Last updated January 24, 2018 at 11:08 am
Dilation rate may be ‘unrealistically fast’ for some women
The guidelines for how long is “normal” for women in labour were established in the 1950s, and set the expectation that the cervix dilates 1 cm per hour.
A study published today in PLOS Medicine set out to find out if this rate is still relevant to the current generation of women giving birth, or whether there might be differences in different populations around the world.
The study, funded by the Bill and Melinda Gates Foundation and part of the World Health Organisations Better Outcomes in Labour Difficulty (BOLD) program, looked at 5,606 women who had spontaneous, complication-free vaginal births in Nigeria and Uganda.
This was the first attempt to assess labour patterns in African women.
They found that labour progressed more slowly that previously reported for women, no matter how many times they’d given birth previously.
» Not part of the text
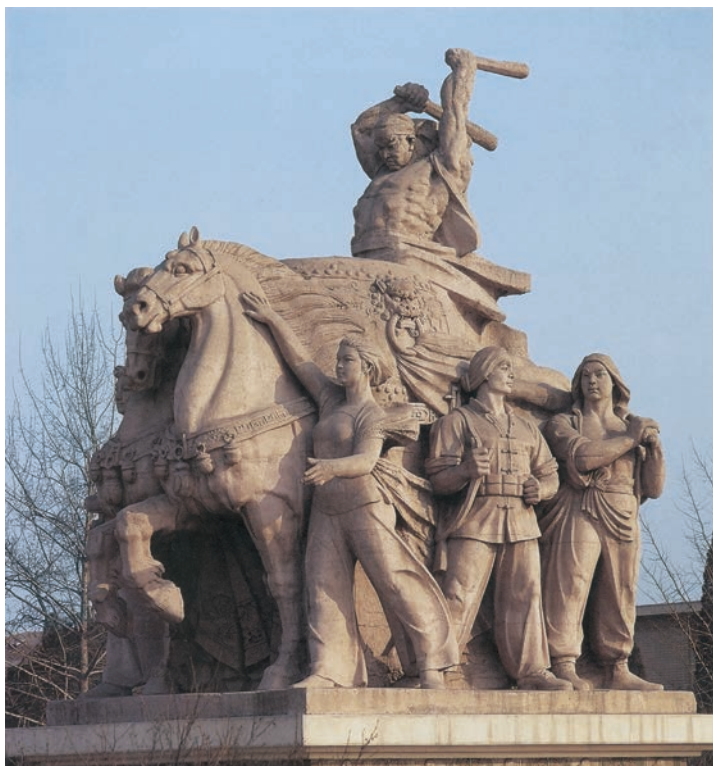
庆丰收 水泥 高 800cm 1959 年 鲁迅美术学院雕塑系 北京全国农业展览馆广场

The variability of how long labor takes was much greater than previously reported. Women giving birth to their first child and progressing at the slowest rates may take up to seven hours to progress from 4 cm to 5 cm, over three hours to progress from 5 cm to 6 cm, and up to nine hours to progress from 6 cm to 10 cm.
“Our labour progression data clearly demonstrate that a minimum cervical dilatation rate of 1 cm/hour throughout the period traditionally described as active phase may be unrealistically fast for some women and should therefore not be universally applied as a threshold for identifying abnormally progressing labour,” the authors say.
The classic sigmodial curve that has shaped labour management for decades was not seen at all in this data. The authors suggest that these average curves of labor time are “merely useful for illustrative purposes.”
Provided all other signs of foetal and maternal monitoring are progressing normally, simply taking a long time is not enough justification for starting to intervene to speed things up.
For long labours the authors do stress it’s important to keep monitoring to ensure that there are no complications that develop, and that the woman’s needs both physically and emotionally are being met.